Le ton froid d'Aloïs me perturbe, mais je n'ai pas le temps de réfléchir à son comportement. Coup de chance, je manque de percuter le Diamant en sortant – je ne risque pas de le louper, au moins.
— Tu viens d'où ? demandé-je, plus suspicieuse que jamais.
— Du calme, Mademoiselle Brightwood ! Je suis allé faire un tour à quatre pattes dans la forêt, si tu vois ce que je veux dire.
Un soupir de soulagement m'échappe lorsque je découvre une feuille dorée emmêlée entre deux mèches de ses cheveux. Il ne peut pas m'en vouloir ! Il n'a pas nécessairement brillé par sa sincérité, ces derniers temps.

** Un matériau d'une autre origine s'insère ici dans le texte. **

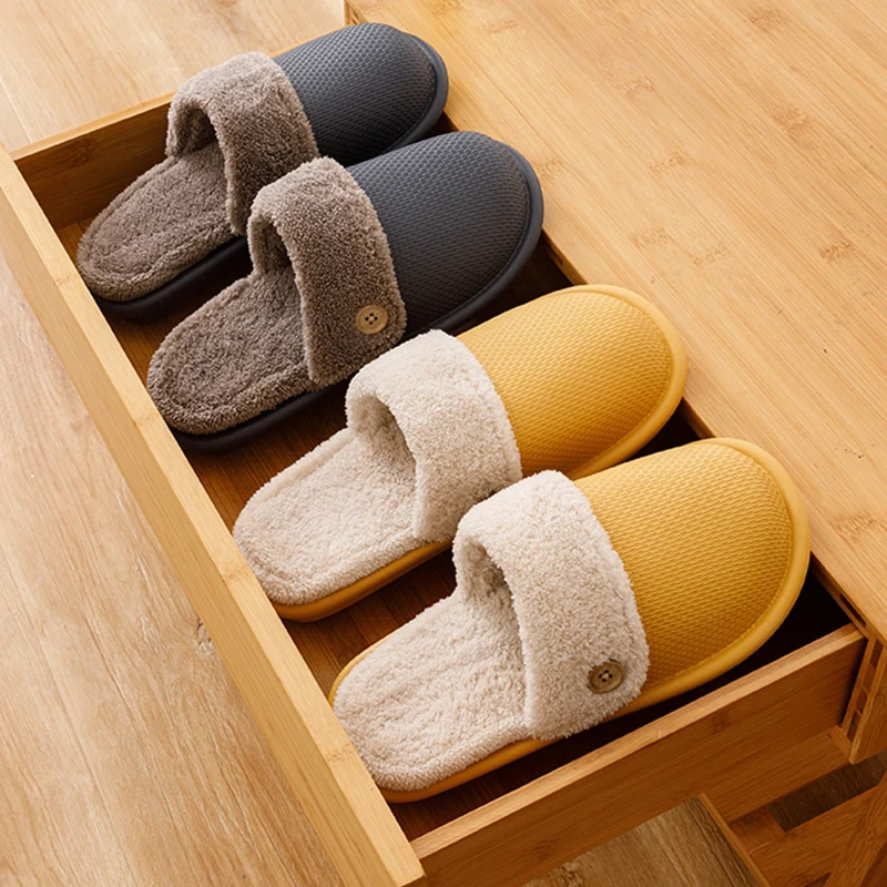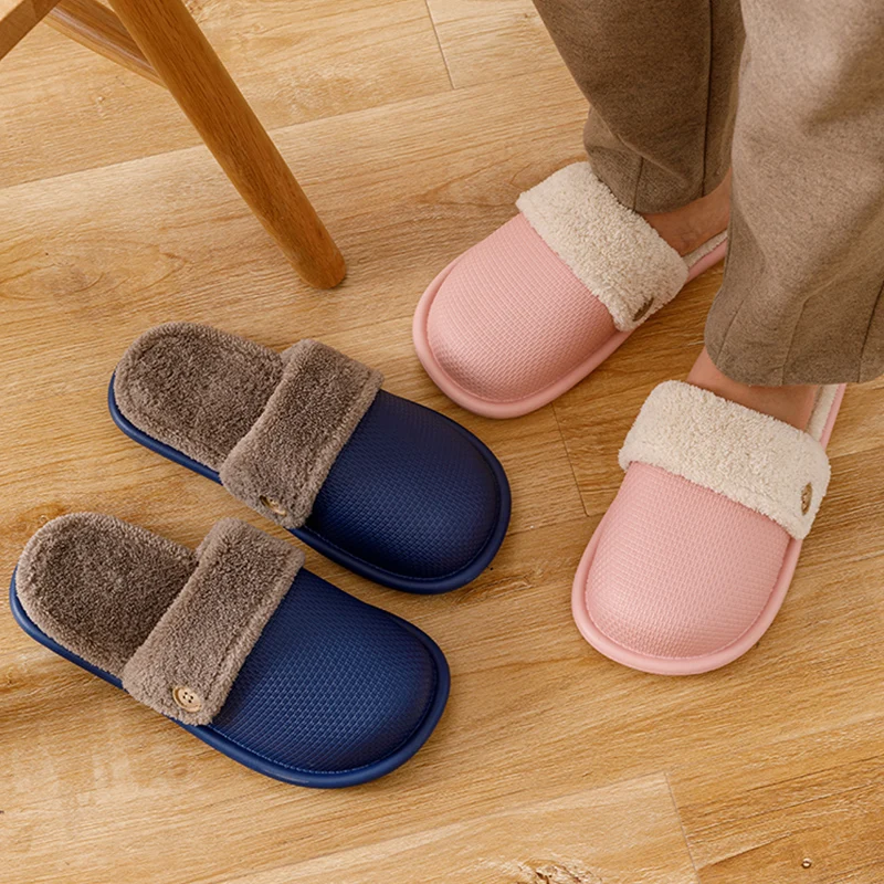 Мужские зимние теплые осенние тапочки для мужчин Домашняя мужская повседневная обувь женские водонепроницаемые меховые мужские тапочки для дома 36 45

— Et quand tu étais encore ici, tu es parti vers la gauche ou la droite ?
— La droite, pourquoi ? Ça fait moins d'un quart d'heure...

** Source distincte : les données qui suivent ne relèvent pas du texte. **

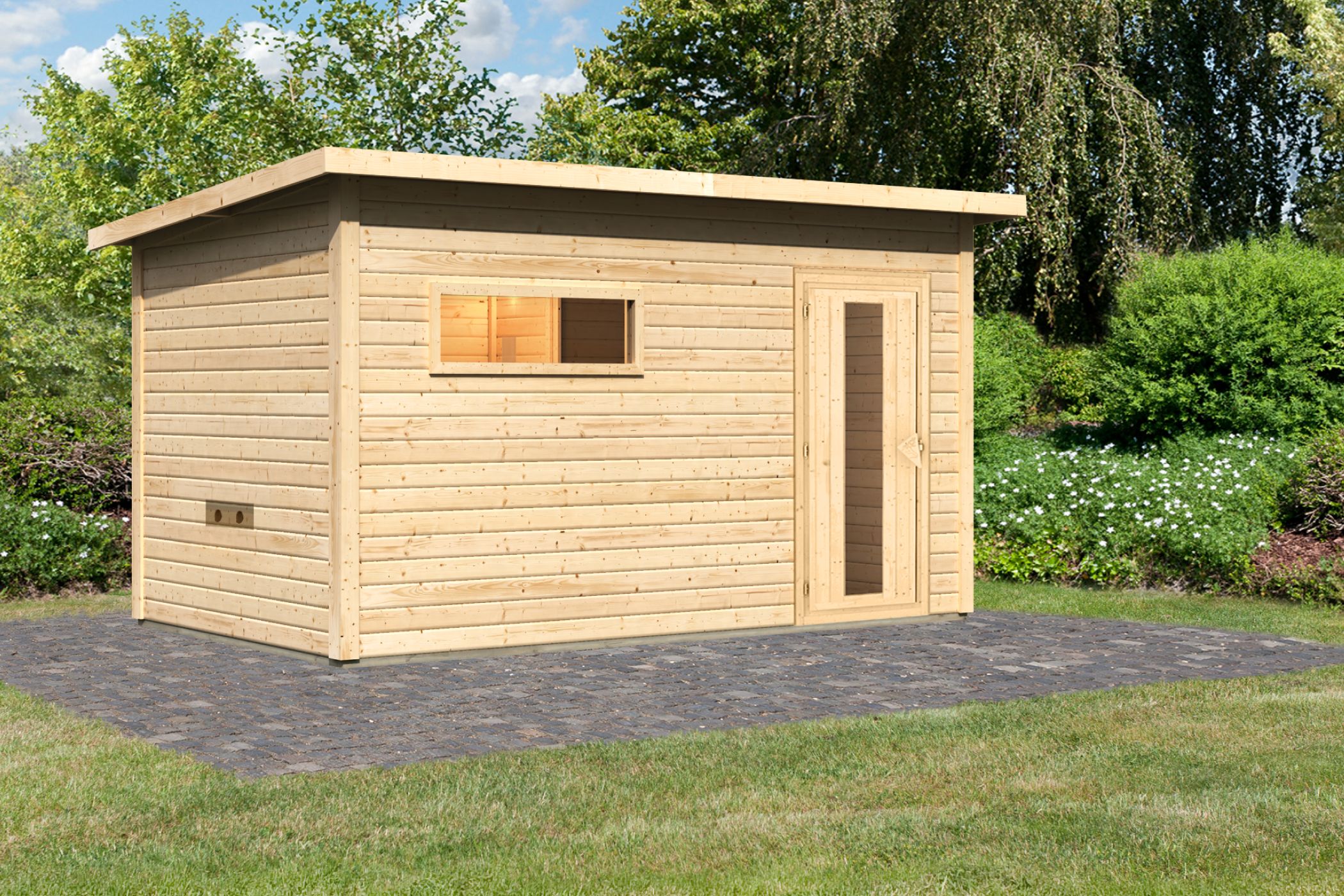 Das Außenmaß von 396 cm x 231 cm sorgt für ausreichende Platzverhältnisse bei Ihrem Saunagang. Unterstrichen wird dieses Maß von den Abmessungen des Saunaraums mit 219,5 cm x 184,5 cm. Für die nötige Entspannung sorgen 3 Saunabänke. Von wegen innere Werte: auch von außen punktet unser Saunahaus mit Qualität und durchdachten Lösungen. Das hochwertige Pultdach aus Massivholz sorgt dafür, dass Sie in der Sauna auch langfristig einen kühlen Kopf bewahren können. Das Thema konstruktiver Holzschutz wird mit einem Dachüberstand von 75 / 105 / 55 ausreichend berücksichtigt. So bleiben Türen und Wandbretter optimal geschützt. Unterhalb des Hauses sorgen unsere kesseldruckimprägnierten Bodenbalken in Verbindung mit dem mitgelieferten Massivholzboden für ausreichenden Schutz vor Staunässe oder aufsteigender Feuchtigkeit.

Je m'écroule contre le mur, complètement déboussolée. Et un problème de plus ! Comme si c'était le moment...
— Qu'est-ce qui se passe ?
— Problème d'âmes sœurs, tu vois le genre.
Pas besoin d'en dire plus.
Aloïs m'a menti. Il sait que Gauthier et moi sommes très proches – trop, à son goût –, et ma relation avec le Diamant, de quelque nature qu'elle soit, entachera forcément notre amitié. Je viens tout juste de m'engouffrer dans un triangle à sens unique et je sais pertinemment que la relation entre le sommet et les côtés ne peut se faire qu'en ligne droite.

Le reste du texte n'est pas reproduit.